### What is required
Reproduce the material below line by line, beginning with its first line and ending with the line that contains "Тимур Бажаев за"; leave out pictures.

### Record extracts
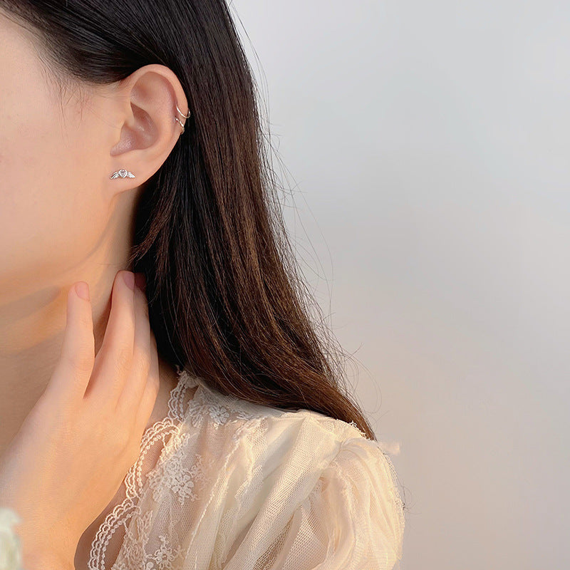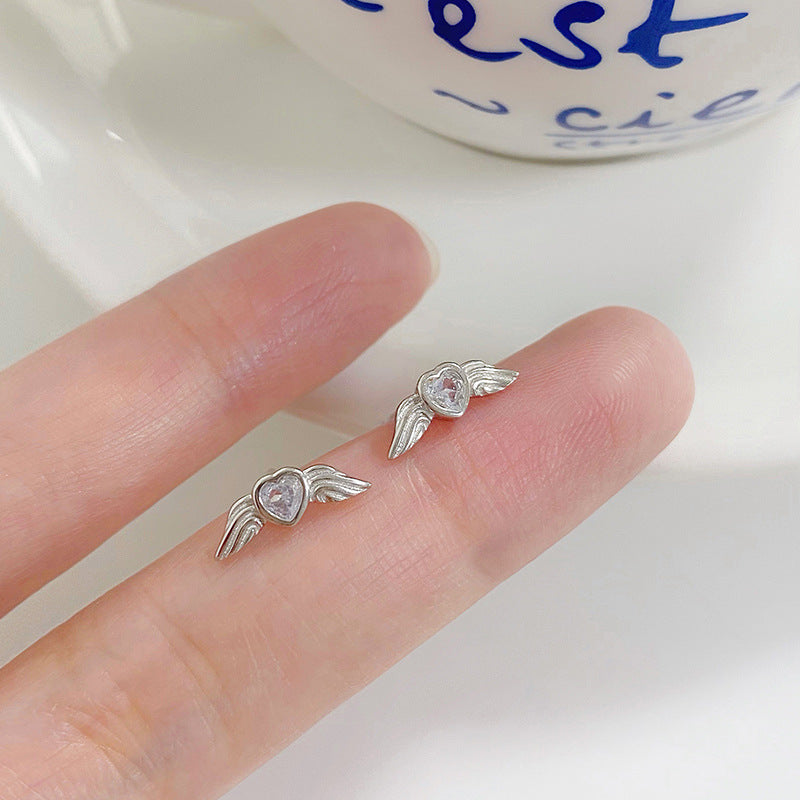 E廠【YC10332E】S925純銀愛心翅膀耳環女個性簡約通勤百搭ins風高級耳環 24.06-3
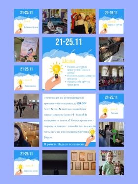С 21 по 25 ноября во дворце Юность в рамках акции Неделя психологии педагогом-психологом был проведен фото-челлендж. Главной целью данного мероприятия был поиск ресурса в нынешней сложной текущей ситуации. В течении дня педагогам надо было сделать несколько разноплановых фото, отражающих заданную тему.
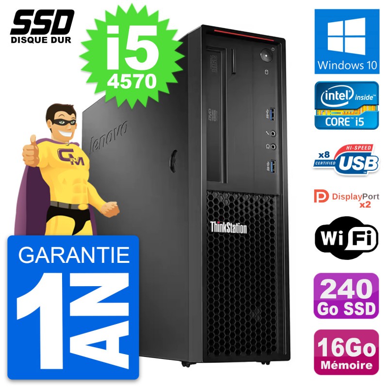 PC Lenovo ThinkStation P300 SFF - Intel Core i5-4570 3.2 Ghz (6 Mo) - 16 Go DDR3 - SSD 240 Go - Clef Wifi USB - Graveur DVD - Windows 10 - Garantie 1 an.
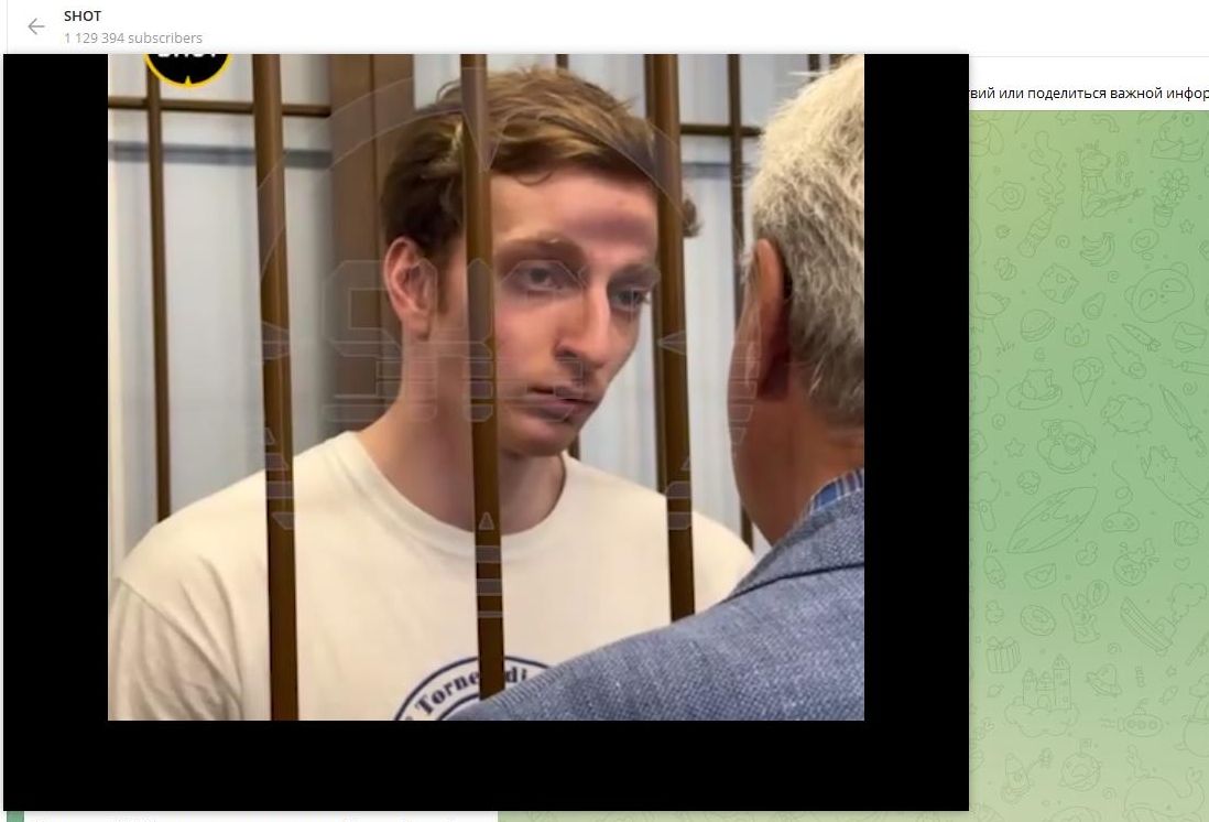 Тимур Бажаев за решёткой. Скриншот: телеграм-канал SHOT
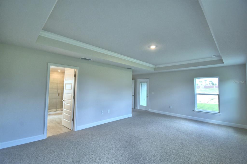 Crown Molding, High Ceilings, In Wall Pest System, Primary Bedroom Main Floor, Split Bedroom, Stone Counters, Tray Ceiling(s)
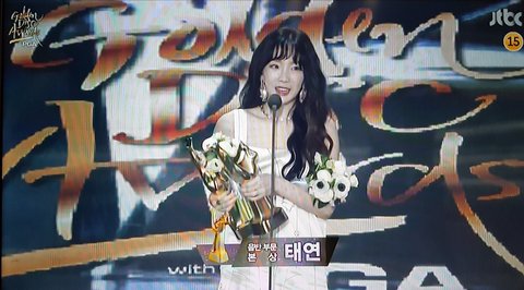 당당하게 상 두 개 꽃다발 두 개 들고 소녀시대 태연입니다 ㄷㄷ... 데뷔 12년차 걸그룹이 어째 저러냐
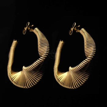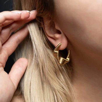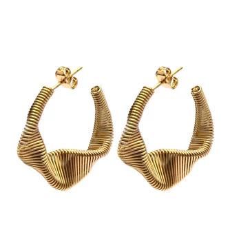 Nemesacél fülbevaló, fél karika, vastag, csavart-hullámos arany színű, kb. 30 mm (1 pár)

### Finished task
 E廠【YC10332E】S925純銀愛心翅膀耳環女個性簡約通勤百搭ins風高級耳環 24.06-3
С 21 по 25 ноября во дворце Юность в рамках акции Неделя психологии педагогом-психологом был проведен фото-челлендж. Главной целью данного мероприятия был поиск ресурса в нынешней сложной текущей ситуации. В течении дня педагогам надо было сделать несколько разноплановых фото, отражающих заданную тему.
 PC Lenovo ThinkStation P300 SFF - Intel Core i5-4570 3.2 Ghz (6 Mo) - 16 Go DDR3 - SSD 240 Go - Clef Wifi USB - Graveur DVD - Windows 10 - Garantie 1 an.
 Тимур Бажаев за решёткой. Скриншот: телеграм-канал SHOT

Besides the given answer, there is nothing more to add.